In Demailly's Complex Analytic and Differential Geometry page 139:
He said the trivial (zero) extension of the positive current $T$ (on $X\setminus E$), which denoted by $\tilde T$ is always positive on $X$. It seems like quite obvious, but I came across some obstacle when verifying that claim.
Notice that a current $T\in\mathcal D^{'}_{p,p}(X)$ is said to be positive if $\langle T, u\rangle\geqslant 0$ for all test forms $u\in\mathcal D_{p,p}(X)$ that are strongly positive at each point.Another way of stating the definition is:
$T$ is positive if and only if $T \wedge u \in \mathcal D_{0,0}^{'}(X)$ is a positive measure for all strongly positive forms $u \in\mathcal C_{p,p} ^{\infty}(X)$.
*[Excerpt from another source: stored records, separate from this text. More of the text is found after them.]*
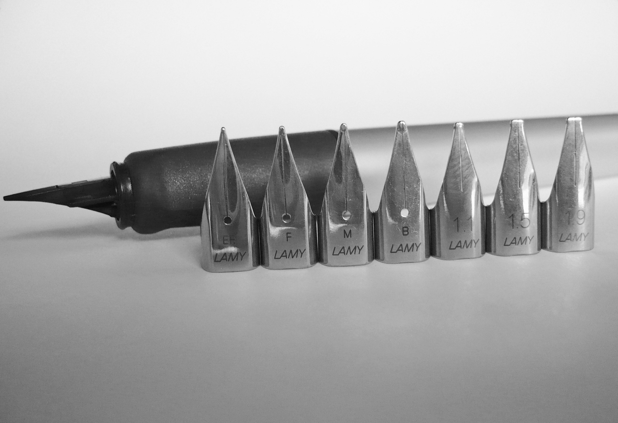 Lamy Z 50 stainless steel fountain pen nibs in front of a Lamy Nexx fountain pen. Z 50 nibs can be interchanged by the user and are available in Extra Fine (EF), Fine (F), Medium (M), Broad (B) line width nibs in steel and black finish and 1.1 mm (1.1), 1.5 mm (1.5) and 1.9 mm (1.9) calligraphic stub italic nibs which are only available in steel finish. The Lamy Nexx fountain pen is intended for students/young writers and features a non round soft grip section optimized to be held with a 'tripod pen grip'.
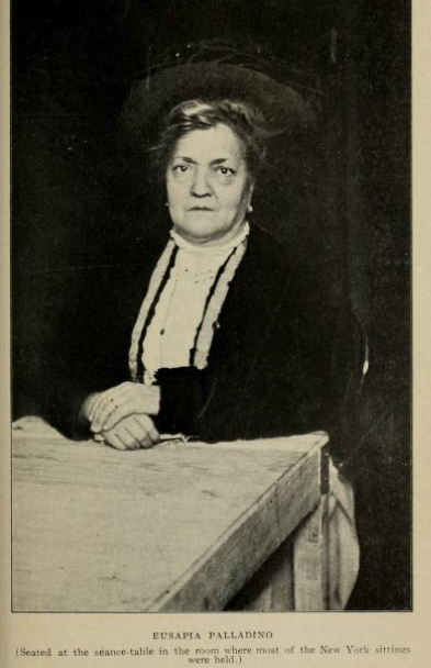 The spiritualist medium Eusapia Palladino.
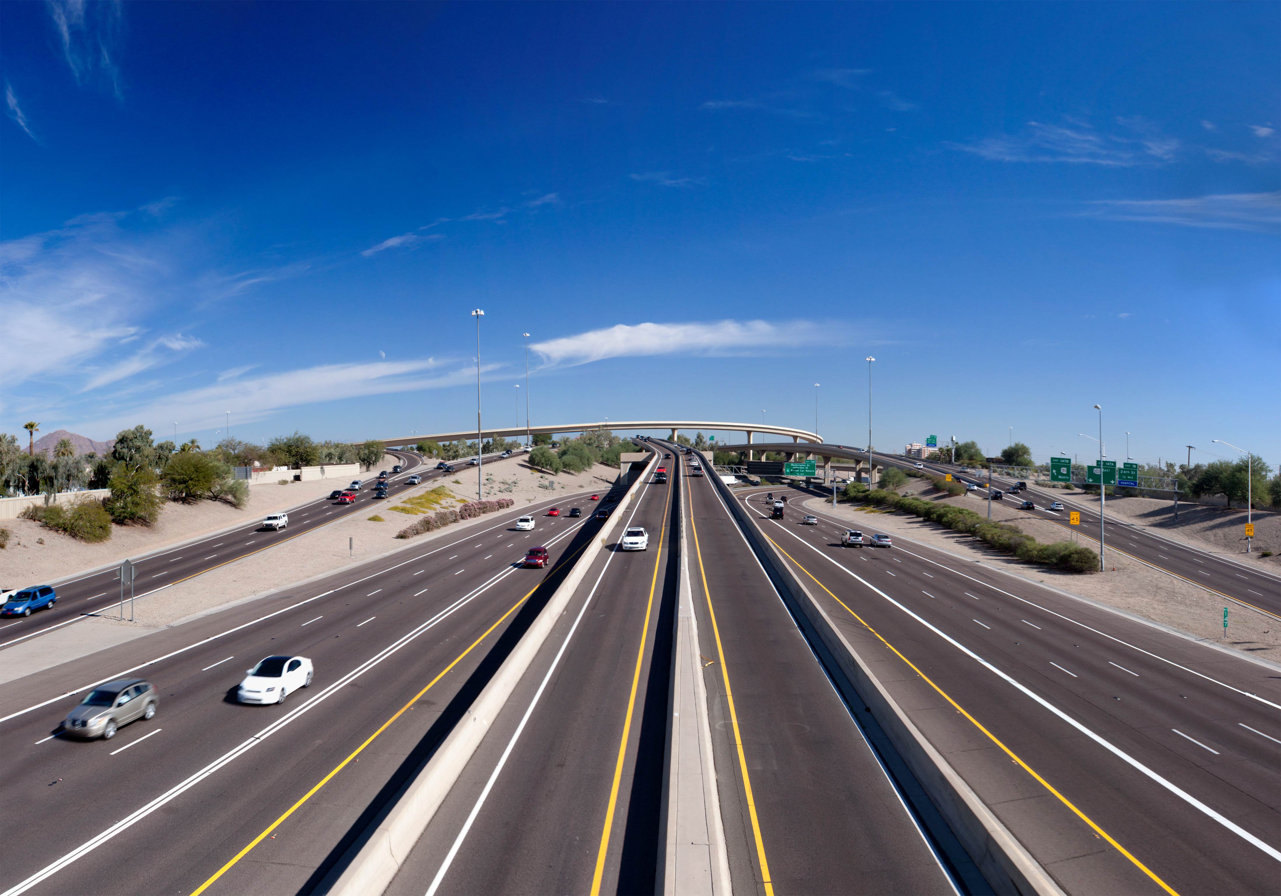 The busiest interchange in the state of Arizona, the "Mini Stack," carries over 300,000 vehicles per day. Interstate 10, Loop 202, and State Route 51 all converge at this interchange located just north-east of downtown Phoenix.

This is so because a distribution $S\in\mathcal D^{'}(X)$ such that $S(f)\geqslant 0$ for every non-negtive function $f\in\mathcal D (X)$ is a positive measure.
Here is my thought:
First, select arbitrary $u \in\mathcal C_{p,p} ^{\infty}(X)$, we have $u \in\mathcal C_{p,p} ^{\infty}(X\setminus E)$, then we would like to show that
$$\langle \tilde T\wedge u,f\rangle=\langle T\wedge u,f\rangle\geqslant 0, \qquad f\in\mathcal D(X),$$
due to the construction of $\tilde T$. However, supp $(f)\cap (X\setminus E)$ isn't compact in $X\setminus E$. Then, how can I infer LHS is non-negative?
Any help and suggestion are appreciated. Thanks a lot!
You are totally right : as for distributions, it is easier to define restrictions rather than extensions for currents. This is why the local boundedness of $\lVert T \rVert$ near $E$ is crucially required in this theorem. The key is now you can locally approximate your test fonctions by smooth functions supported outside $E$.
I take the same notations as in the proof of Demailly. In particular, you have a smooth non-negative function $(\theta \circ v_k)$ such that the current $(\theta \circ v_k) T$ weakly converges to $\tilde T$ (I think this limit is the way to understand $\tilde T$).
Let $f \in \mathcal D(X)$ with non-negative values, and $u \in \mathcal C_{p,p}^{\infty}(X)$ be strongly positive. As $fu$ is a test form (smooth, compactly supported), weak convergence gives you the following :
$$\langle \tilde T, fu \rangle = \lim_{k\to \infty} \langle (\theta \circ v_k) T, f u \rangle $$
You conclude with duality :
$$ \langle \tilde T \wedge u , f \rangle = \lim_{k \to \infty} \langle T \wedge u, (\theta \circ v_k) f \rangle \geqslant 0 $$
Since $(\theta \circ v_k) f$ is a non-negative function.